Raffaello Brizzi - Architect and engineer
Architetti
Description
Raffaello Brizzi was born in Montecatini Terme (PT) on April 4, 1883 to a family traditionally involved in the construction sector. Academician of the Academy of the Arts of Drawing since 1908 and former teacher of the Chair of Architecture at the Academy of Fine Arts in Florence, he was one of the main architects of the Royal Higher School of Architecture in Florence: this, which had already seen courses active for some years, was officially inaugurated in 1931 and Brizzi took over the direction in March 1932.
Dean of the newly founded Faculty in 1936, Raffaello Brizzi held the position until his death in 1946.
Although he practiced a teaching that was in line with the tradition from which he came, his school produced a generation of innovative architects, such as Italo Gamberini, Nello Baroni, Leonardo Lusanna and Giovanni Michelucci who, guided by the latter, won the project for the railway station of S. Maria Novella; thanks to him, moreover, Giovanni Michelucci himself was called to the Faculty of Architecture in Florence, as professor of the Chair of Furnishing.

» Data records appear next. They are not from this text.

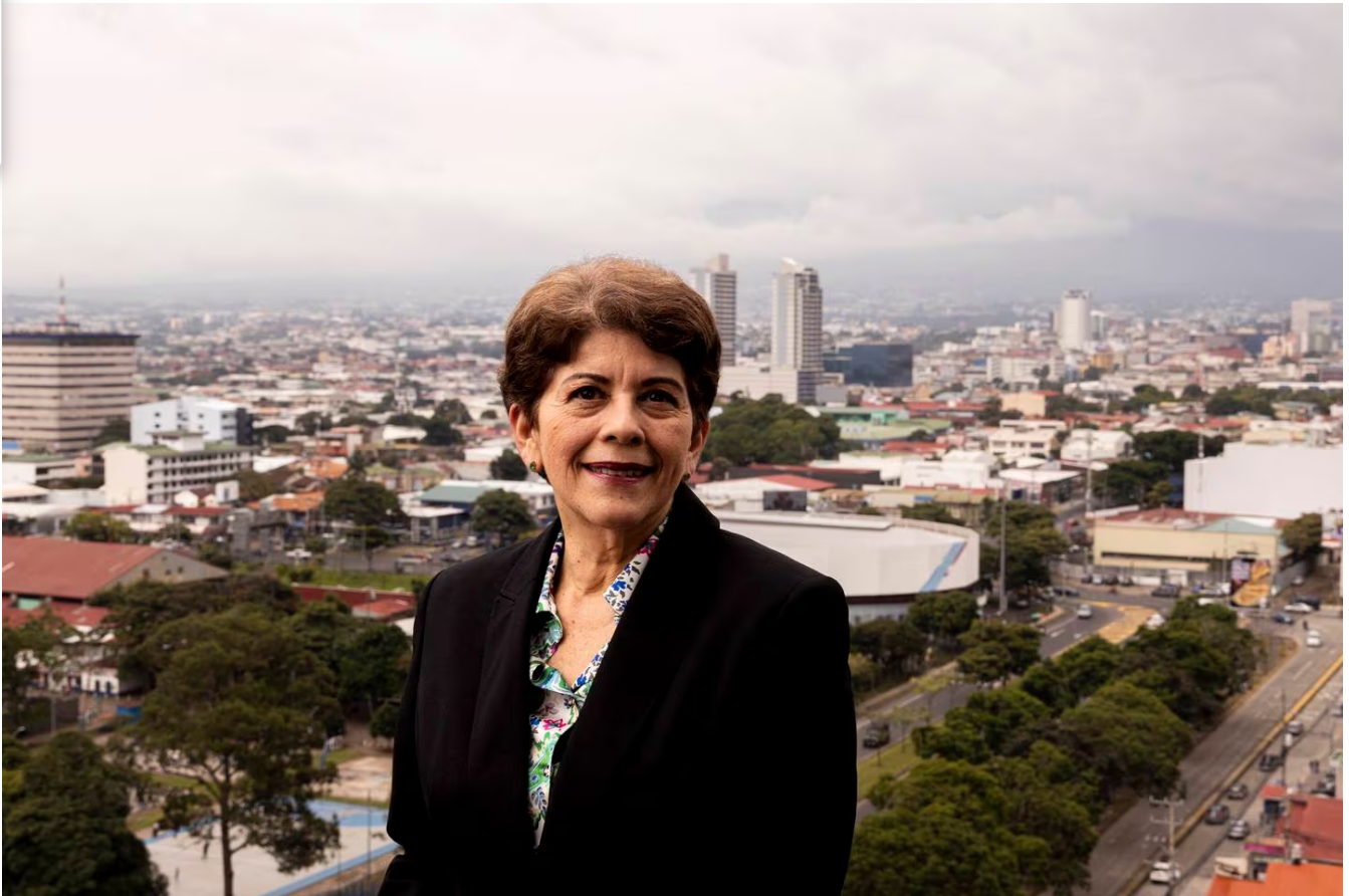
Doña Marta Acosta tiene cuatro gobiernos de diferentes colores políticos de ser contralora.

“El Movimiento Mujeres por la Dignidad y la Democracia del Foro Político de Mujeres y otras mujeres preocupadas ante las amenazas a la estabilidad democrática, manifestamos nuestro firme respaldo a la señora Contralora General de la República, Marta Acosta, en su esfuerzo justificado y valeroso por defender a la CGR de las presiones y desinformación provenientes de altos representantes del gobierno y de sus diputados y diputadas.
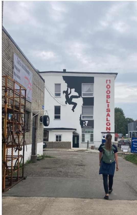
Cesta na lezeckú stenu
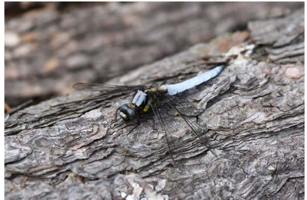
図 28 万博公園北の池のシオヤトンボ(4月23日)
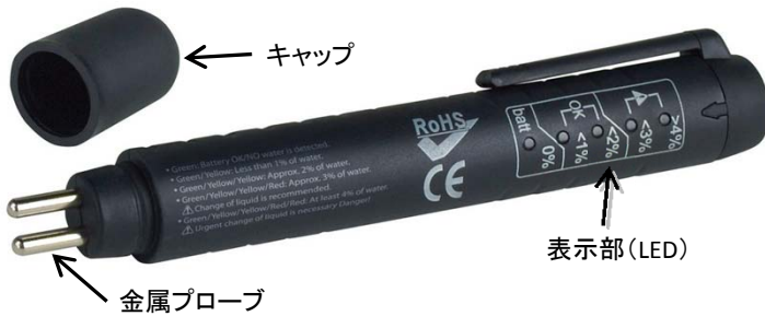
図1 テスターの構成図

注意: 使用の際には保護めがね、手袋などを装着してください。 プローブ以外は浸さないでください。
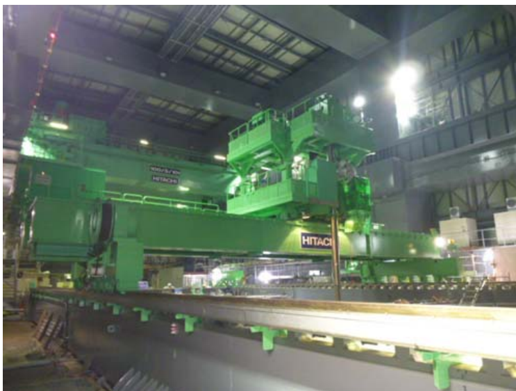
③燃料取扱機全体（オペレーティングフロア北側より撮影）
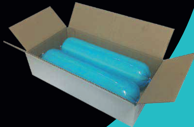
Filone di vacca, normale e affumicato 2KG
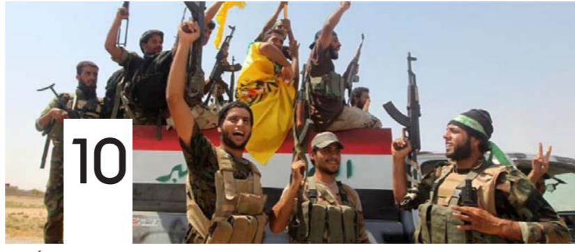
معركة الموصل.. عراقية بامتياز

Raffaello Brizzi must also be remembered for his intense activity as a designer that took place mainly in Florence, in the Lucca area and in the Pistoia area.
The projects largely drawn up in collaboration with the engineer Righetti refer to this area, such as, in Montecatini Terme, the Palazzo Comunale (1913-1919), the new headquarters of the Banco di Roma, the competition for the new spa establishments and the numerous private villas. He is also responsible, again in cooperation with Righetti and again in his hometown, for the Monumental Fountain in Piazza del Popolo (then Piazza Umberto I), erected in 1926 at the behest of the municipality on the site where since 1834 there had been a quadrangular loggia used for agricultural markets and fairs, and the travertine basin built, again in 1926, in Piazza VII Settembre, then called Piazza del Salsero.

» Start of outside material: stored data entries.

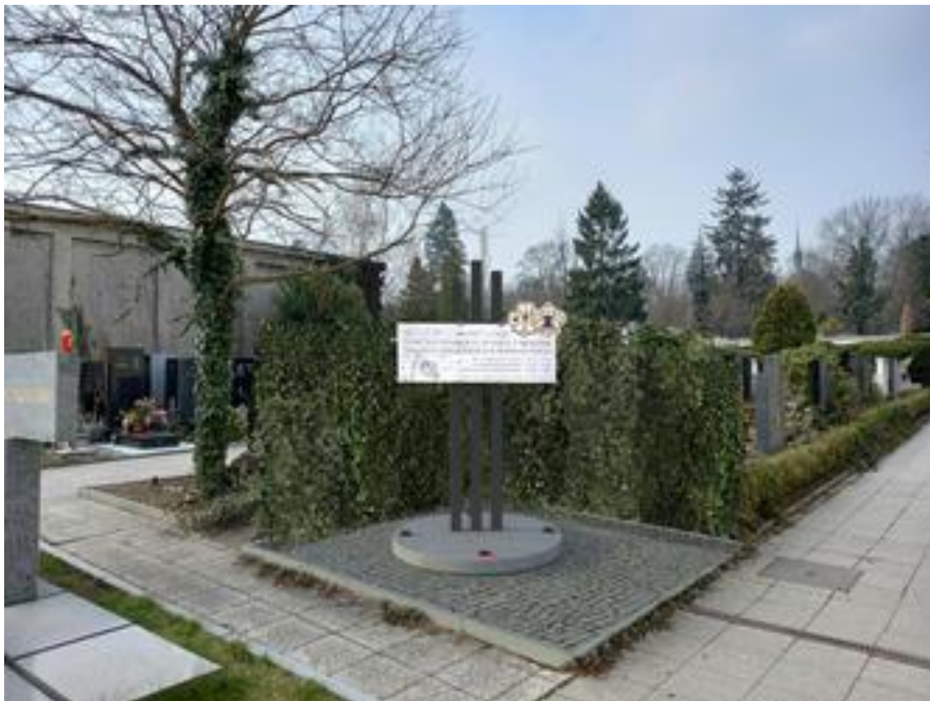
Vizualizace obnoveného Národního skautského památníku | architektonická studie
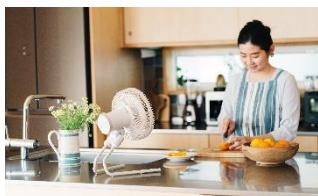
キッチンの暑さ対策に
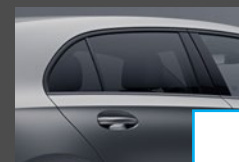
Warmtewerend donkergelakt glas (840) € 363

Connectiviteitspakket smartphone (PBI) € 0
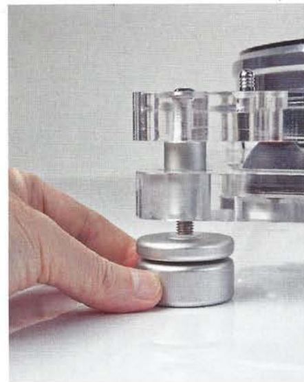
Spelaren står på tre, individuellt justerbara fötter med en liten kula mot underlaget.

Ge spelaren ett stabilt underlag som en väggmonterad hylla och du kommer att tycka att till och med högupplöst digitalljud kan börja verka livlöst och oengagerade enformigt. Ja, en vanligtvis sansad, lite återhållen pickup som Ortofon Cadenza Black (H&M nr 4/2014) blir med ens färgstark och blixtrande högexplosiv då Vertere-spelaren kopplar greppet om närlörelserna. Här finns nämligen inget av det lättviktiga ljud man annars ofta förknippar med 1-punktstlagrade armar. Tvärtom kan man börja upptäcka helt nytt basinnehåll i skivorna. Ja,
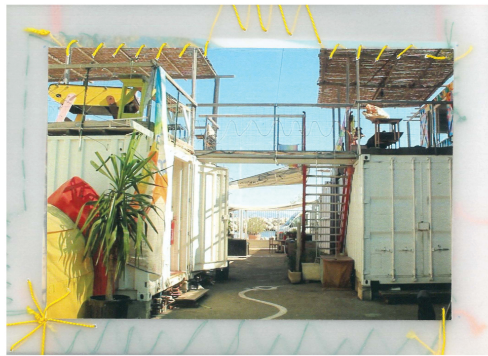
*5 φωτογραφία χώρου

Η εργασία επιχειρεί να καταγράψει το κτίριο του Thalassanté, ενός αυτοδιαχειριζόμενου και συλλογικά κατασκευασμένου χώρου δίπλα στην θάλασσα, στο λιμάνι της Μασσαλίας. Μέσα του στεγαίνει συνεργατικά εγχειρήματα που η δράση τους σχετίζεται με την κουλτούρα της θάλασσας, την κοινωνική αλληλεγγύη, τον πολιτισμό, την οικολογική μετάβαση και τη συμβίωση. Επιθυμεί πάνω απ' όλα να γίνεται σημείο συνύπαρξης των ανθρώπων της γειτονιάς και να αφήνει τις πρακτικές που συντελούνται μέσα του να επαναπροσδιορίζουν συνέχεια την ταυτότητά του. Μέσω της καταγραφής και μελέτης του μπορούμε να διακρίνουμε χαρακτηριστικά που παράγουν αληθινά ποιοτικό κοινό χώρο, ανοιχτό προς όλα τα σώματα της πόλης. Τα αποτελέσματα της έρευνας μας καλούν να επανεξετάσουμε τις μεθόδους παραγωγής χώρου και ευελπιστούμε να εμπλουτίσουν τα αρχιτεκτονικά εργαλεία σχεδιασμού, παρατηρώντας πρακτικές που αναδύονται αυθόρμητα από υποκείμενα της πόλης που συνδιαλέγονται. Η καταγραφή ξεκίνησε κατά τη διάρκεια προγράμματος κινητικότητας Erasmus στην αρχιτεκτονική σχολή της Μασσαλίας (ENSAM). Η οργάνωση του υλικού έγινε στα πλαίσια της διπλωματικής εργασίας στο Τμήμα Αρχιτεκτόνων Μηχανικών (ενιαίος και αδιάσπαστος τίτλος σπουδών Μεταπτυχιακού επιπέδου) του Πανεπιστημίου Θεσσαλίας, υπό την επίβλεψη της Ίριδας Λυκουριώτη.

In the 1920s and 1930s he intervened in Viareggio, preparing the Master Plan; in 1932 he was entrusted with the management of the Technical Office for the development of the Versilia coastline: a series of projects for buildings, such as bathing establishments, shops and bars for private clients, which affected the Viareggio coastline and which are exhaustively documented in the Fund of drawings preserved by the Brizzi heirs, date back to those years. His activity was widespread in the areas of Lucca and Pistoia (with various creations also for public commissions), as well as in Rome.
In Florence, in addition to the never realized arrangement of the Lungarno del Tempio (1937-1938), we remember the creations of the Royal Police Headquarters of via Zara and the project for the arrangement of the New University Center, both from 1939. He also designed the stadium in Livorno (1933-1935).
He died in Florence on February 23, 1946.